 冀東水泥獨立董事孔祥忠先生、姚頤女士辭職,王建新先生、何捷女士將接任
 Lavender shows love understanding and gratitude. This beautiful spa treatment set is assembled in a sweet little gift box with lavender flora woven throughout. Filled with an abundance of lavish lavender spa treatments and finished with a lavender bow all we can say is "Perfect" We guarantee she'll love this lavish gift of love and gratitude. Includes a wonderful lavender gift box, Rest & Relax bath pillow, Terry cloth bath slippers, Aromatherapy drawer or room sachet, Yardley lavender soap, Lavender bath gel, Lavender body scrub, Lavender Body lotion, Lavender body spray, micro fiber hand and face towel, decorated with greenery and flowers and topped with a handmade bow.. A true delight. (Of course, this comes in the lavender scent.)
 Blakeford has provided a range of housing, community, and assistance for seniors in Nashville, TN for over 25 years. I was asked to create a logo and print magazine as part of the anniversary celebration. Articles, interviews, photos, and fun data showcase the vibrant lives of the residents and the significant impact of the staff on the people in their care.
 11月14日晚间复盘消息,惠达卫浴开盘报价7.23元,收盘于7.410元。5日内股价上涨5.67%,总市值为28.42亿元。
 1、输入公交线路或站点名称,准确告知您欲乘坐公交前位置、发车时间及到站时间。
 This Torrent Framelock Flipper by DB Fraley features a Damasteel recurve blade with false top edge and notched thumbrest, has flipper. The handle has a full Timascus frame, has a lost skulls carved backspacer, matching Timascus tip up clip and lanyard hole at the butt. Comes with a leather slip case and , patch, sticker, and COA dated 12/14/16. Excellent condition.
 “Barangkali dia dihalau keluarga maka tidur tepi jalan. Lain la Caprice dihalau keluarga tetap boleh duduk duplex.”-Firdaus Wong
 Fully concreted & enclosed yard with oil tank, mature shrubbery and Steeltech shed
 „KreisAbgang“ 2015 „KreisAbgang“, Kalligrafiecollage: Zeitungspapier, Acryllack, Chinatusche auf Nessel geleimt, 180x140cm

...

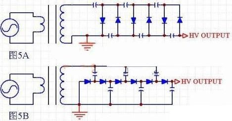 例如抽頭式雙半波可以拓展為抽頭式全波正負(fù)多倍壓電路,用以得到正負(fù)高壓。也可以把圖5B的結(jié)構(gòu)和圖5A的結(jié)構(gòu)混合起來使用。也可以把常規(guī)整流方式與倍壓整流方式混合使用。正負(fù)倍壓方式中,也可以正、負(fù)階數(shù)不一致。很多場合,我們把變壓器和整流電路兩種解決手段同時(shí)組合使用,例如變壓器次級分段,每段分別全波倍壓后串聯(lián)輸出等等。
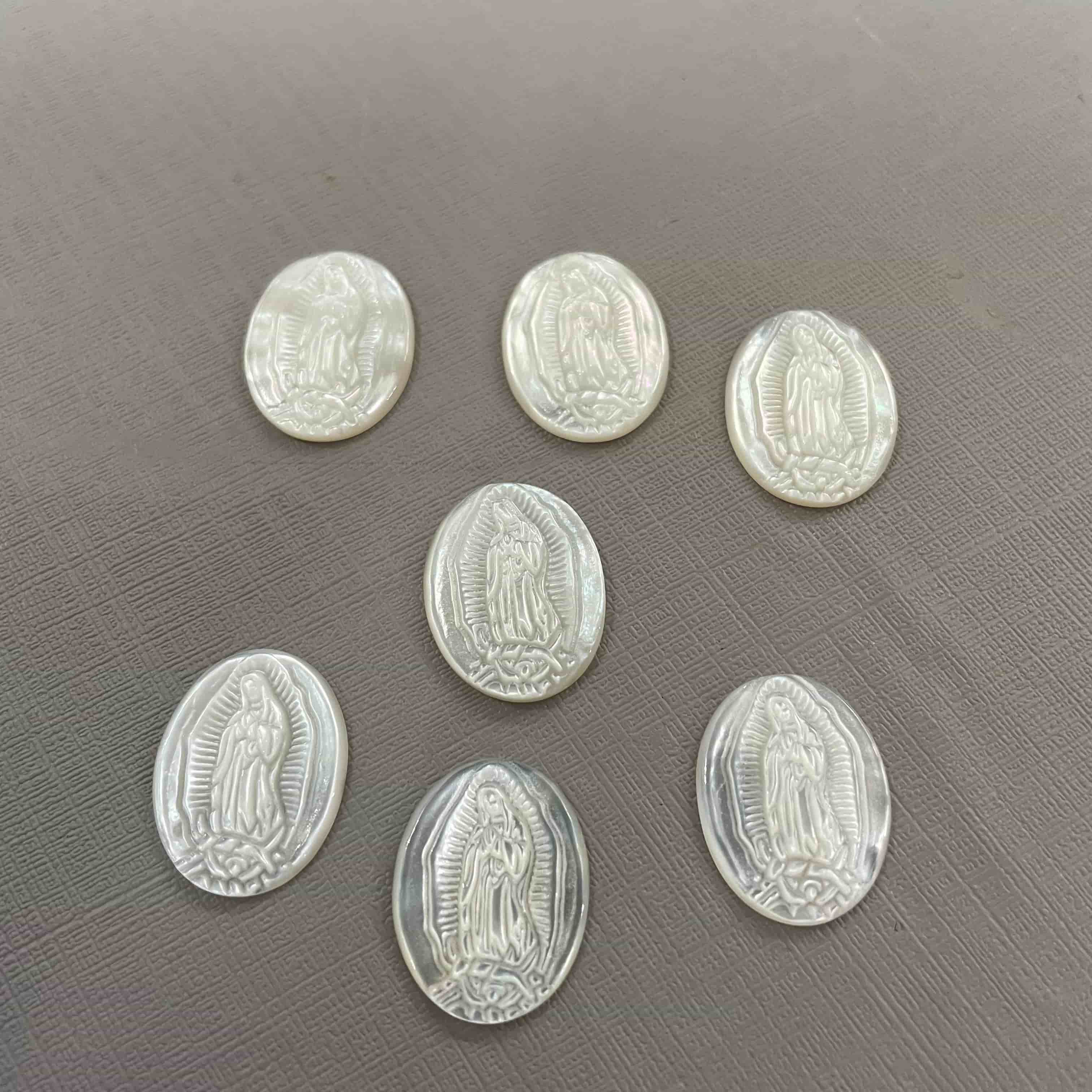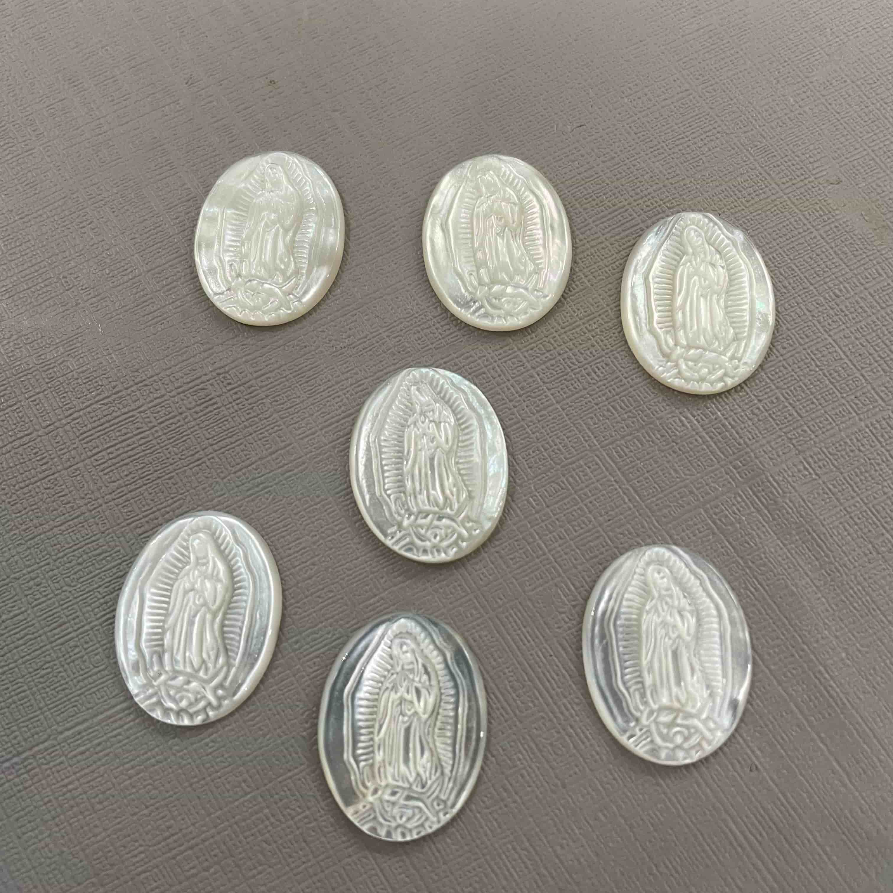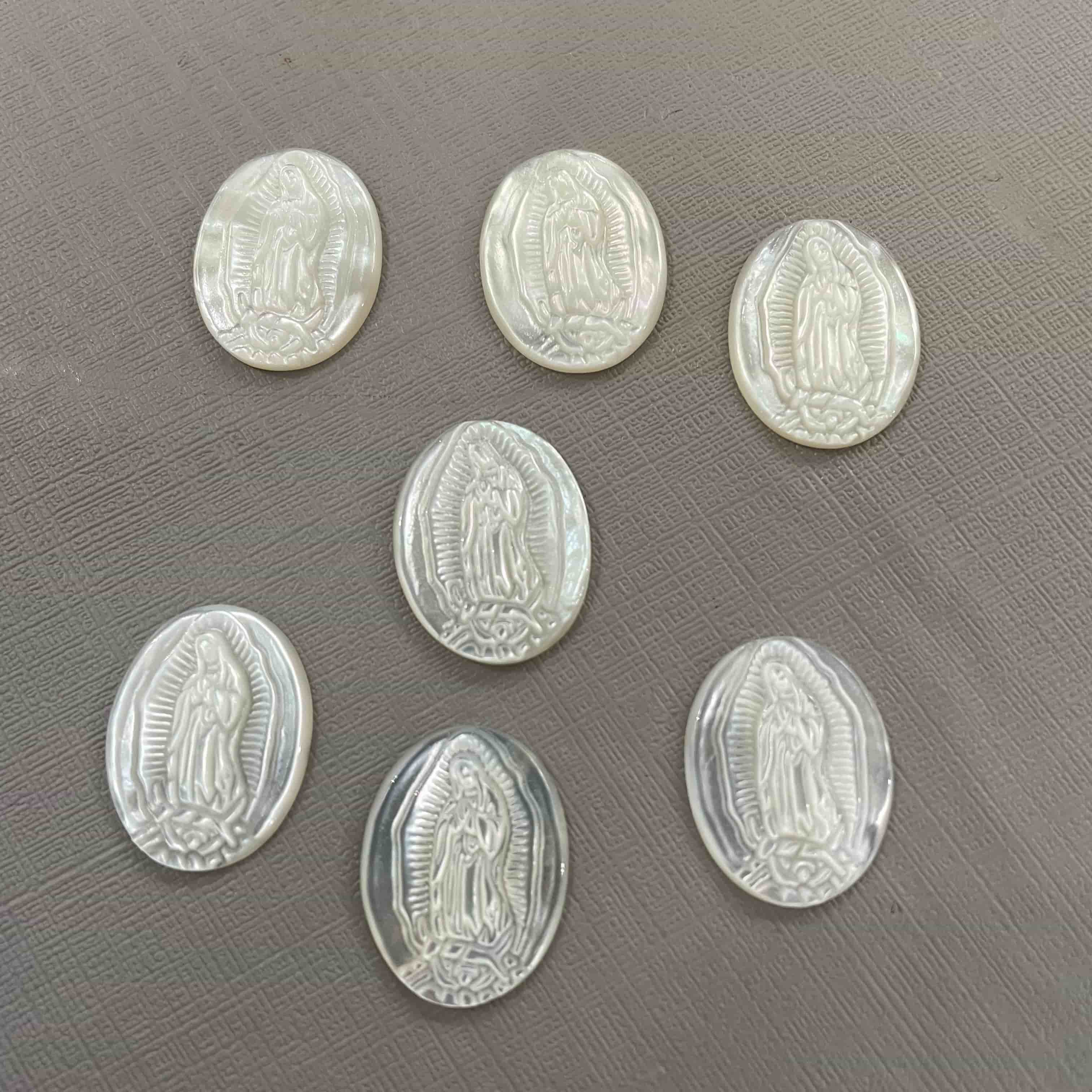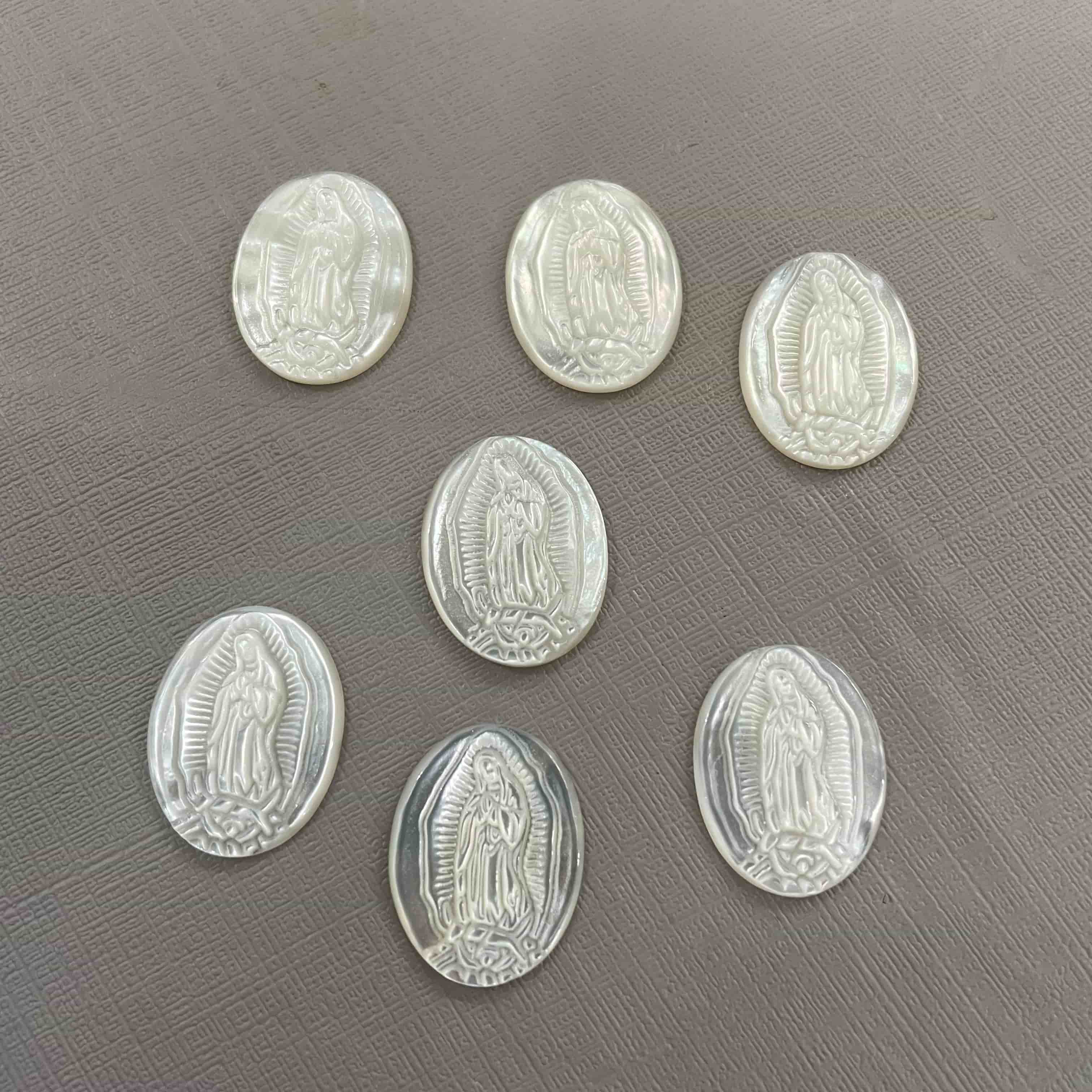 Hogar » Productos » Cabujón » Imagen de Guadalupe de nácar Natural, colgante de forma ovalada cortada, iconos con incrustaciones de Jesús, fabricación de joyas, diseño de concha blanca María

* * *

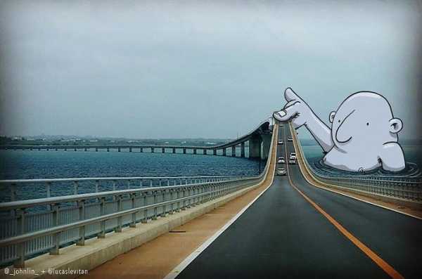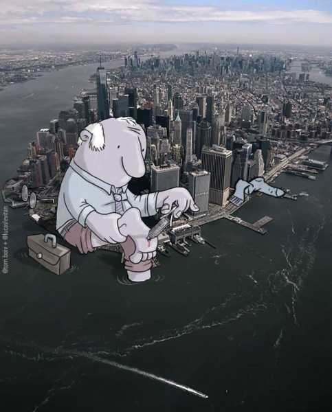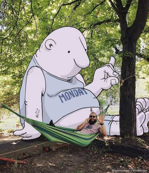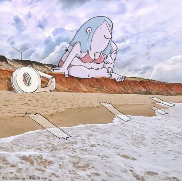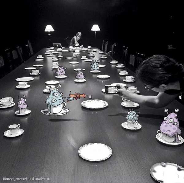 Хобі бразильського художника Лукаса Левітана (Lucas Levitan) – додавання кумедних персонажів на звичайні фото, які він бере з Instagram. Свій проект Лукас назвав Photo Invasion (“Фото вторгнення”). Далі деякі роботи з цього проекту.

Task requirements →
Using the listing above, state the count of lines that include "This" and nothing else.

Answer to the exercise →
2